Looking more like a hand puppet than a real bird, the common Emu inhabits northern, southeastern, and southwestern Australia (three different sub-species). They are stout-bodied and long-legged. Both sexes are brownish, with dark gray head and neck.
The soft-feathered flightless birds reach up to 2 metres (6.6 ft) in height. They have long thin necks and legs. Emus can travel great distances at a fast, economical trot and, if necessary, can sprint at 50 km/h (31 mph). Their long legs allow them to take strides of up to 275 centimetres (9.02 ft) They are opportunistically nomadic and may travel long distances to find food; they feed on a variety of plants, fruits and insects, but may also damage crops. Emus have been known to go for weeks without food. They also ingest stones, glass shards and bits of metal to grind food in the digestive system. They drink infrequently, but take in copious fluids when the opportunity arises. Emus will sit in water and are also able to swim. They are curious birds who are known to follow and watch other animals and humans. Emus do not sleep continuously at night but in several short stints sitting down.

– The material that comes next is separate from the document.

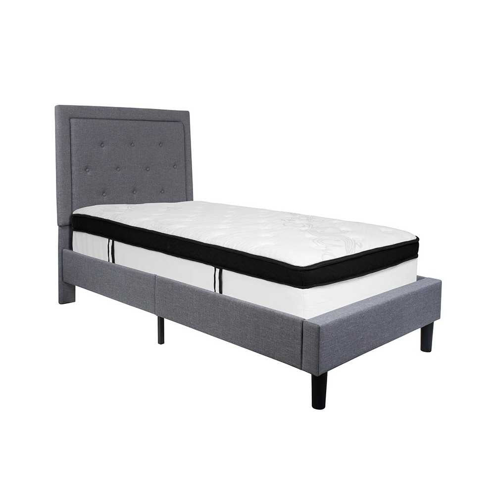 Roxbury Twin Size Tufted Upholstered Platform Bed in Light Gray Fabric with Memory Foam Mattress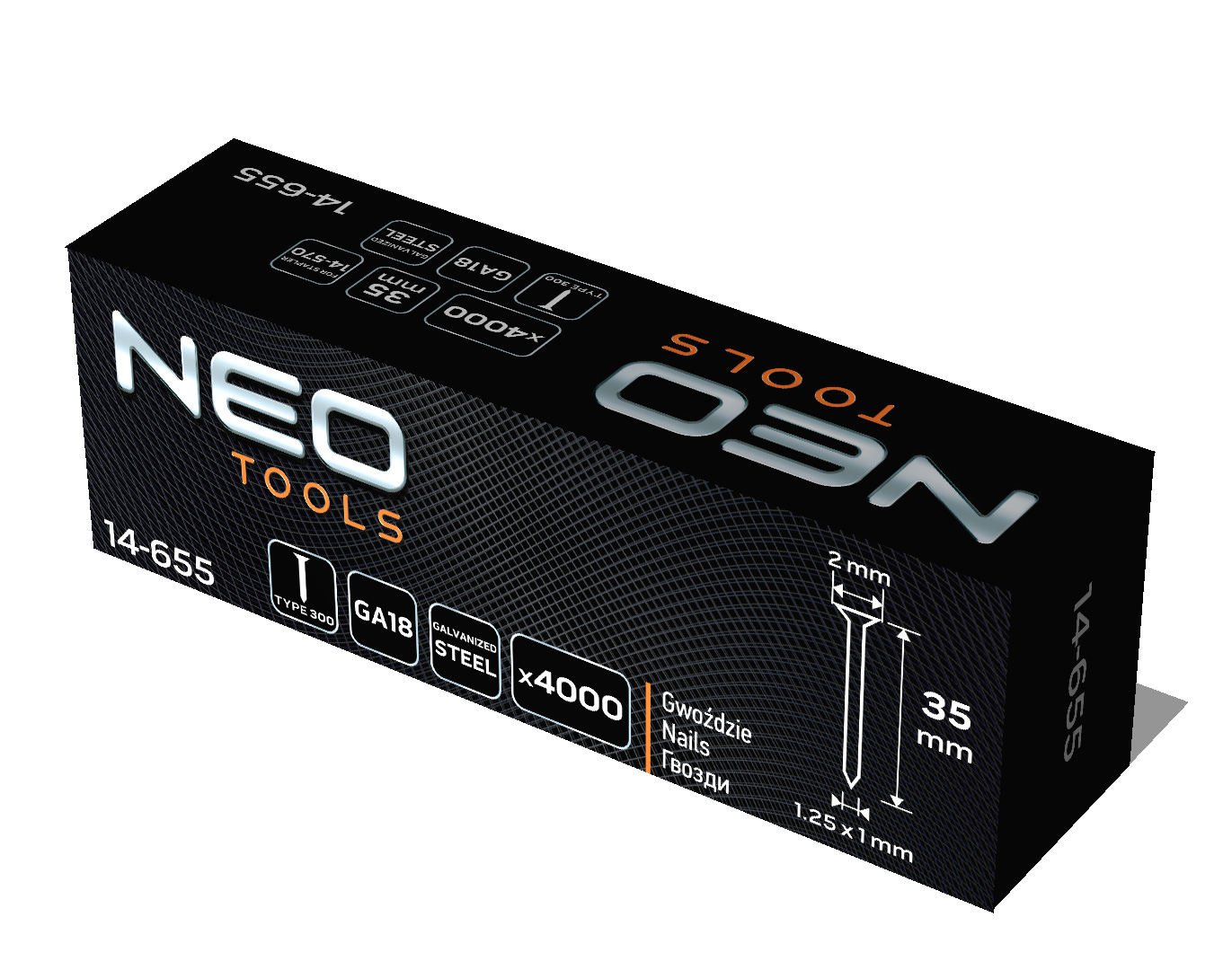 Гвозди оцинкованные для пневматического степлера (14-570), GA18, Тип 300 (F), длина 35 мм, 4000, NEO 14-655

Emus use their strongly clawed feet as a defense mechanism. Their legs are among the strongest of any animal, allowing them to rip metal wire fences. They are endowed with good eyesight and hearing, which allows them to detect predators in the vicinity. The plumage varies regionally, matching the surrounding environment and improving its camouflage. The feather structure prevents heat from flowing into the skin, permitting Emus to be active during the midday heat. Males and females are hard to distinguish visually, but can be differentiated by the types of loud sounds they emit by manipulating an inflatable neck sac. The peculiar structure of the trachea of the emu enables the loud booming note of the bird during the breeding season.
Emus breed in May and June and are not monogamous; fighting among females for a mate is common. Females can mate several times and lay several batches of eggs in one season. The animals put on weight before the breeding season. The male incubates from 7 to 10 dark green eggs, 13 cm (5 inches) long, in a ground nest for about 60 days, losing significant weight during this time as he does not eat.
The striped young are nurtured by their fathers, and soon run with the adults. They reach full size after around six months, but can remain with their family until the next breeding season half a year later. Emus can live between 10 and 20 years in the wild and are predated by dingos, eagles and hawks. They can jump and kick to avoid dingos, but against eagles and hawks, they can only run and swerve.